The Mandel family of Alon Shvut mourns their son Daniel.

The Mandel family of Alon Shvut may not need to prepare a salt-water simulation of tears when they dip their traditional karpas greens at the Passover seder tonight. But even though they will have to set one less place at the table, they will still conduct a family seder at home, as they had planned.

"What I always said is that bad things happen, and it's what you make of it that determines you," said Cheryl Mandel yesterday afternoon as she eulogized her son Daniel, a 24-year-old Nahal officer who died during an exchange of gunfire in an IDF search for militants in Nablus around dawn yesterday. "We're going to make something good of this."

Cheryl and David Mandel emigrated from Toronto 15 years ago with their daughter Nicole and sons Yonah, Daniel, Gabriel - who entered the army about a month ago - and Shlomo, now 18. They knew it might be difficult but were confident they were making the right move.

"When you went into the army, we knew, we accepted there might be a price," said Cheryl, deputy director of the Etzion Judaica Center in Alon Shvut. "I guess the time has come, and we're paying the price."

Speaking in front of hundreds of relatives, friends and soldiers in the Gush Etzion settlement, Cheryl expressed support for the IDF, saying the soldiers knew what they were doing and that the operation in which her son died went well. "We brought you here because this is the place for Jews to live; we brought you here because this is our homeland," she said.

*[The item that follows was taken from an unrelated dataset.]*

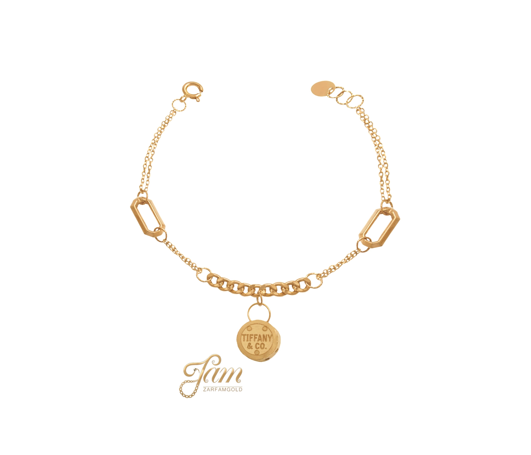 دستبند طلا تک کارتیر و شش ضلعی کشیده با آویز تیفانی گرد کد B4741

The fact that the Mandels chose to live in a religious Zionist community over the Green Line is one reflection of their Zionism, said a longtime resident and community leader of Alon Shvut who declined to be named. Living in Gush Etzion can be tough because friends and family members often refuse to visit or participate in celebrations out of fear for their safety, she said.

Another neighbor commented that one of the children's grandmothers rarely made the trip from Canada for precisely that reason.

All the Mandels are involved in communal life, neighbors said. Cheryl used to be on the Alon Shvut committee and works at a community shop. David, a psychiatrist, addresses mental-health concerns without charge when the need arises and attends Jewish law classes taught by the rabbi.

Neighbors gathered together yesterday to supply the Mandels with some holiday food (including one of Cheryl's favorites, salmon), to do the family's laundry and to cover up their mirrors, a custom demonstrating that vanity is set aside for the mourning period. However, the traditional seven days of mourning are superseded in this case by Passover, meaning that the official mourning will only take place until this afternoon.

Before the funeral, family friends crowded the Mandels' lawn and a busload of soldiers from Daniel's unit pulled up. Visitors streamed in and out of the house to express condolences to the family members sitting in the living room, not far from the piano Daniel used to play.

Friends and family said Daniel's musical talents were intertwined with his leadership ability and his charisma. Elisha Medan, a childhood friend of Daniel's who spoke at the funeral, said that Daniel, who also played the guitar, held together the band in which they played but led it with characteristic modesty.

"It was clear... that if you weren't playing with us, it wouldn't happen," said Medan. But he added, "you knew how to do it so tactfully, without making anyone feel he was less important."

Daniel was also the backbone of his family, said his brother Yonah, 26, at the funeral. "I tried to think about how you would have reacted" to a death in the family, Yonah said. "You would definitely have been like mom and dad, [saying] we have to be strong and optimistic. But it's not clear how long we'll manage, because you were really one of the roots of the family, and of happiness and goodness and the ability to flow with life."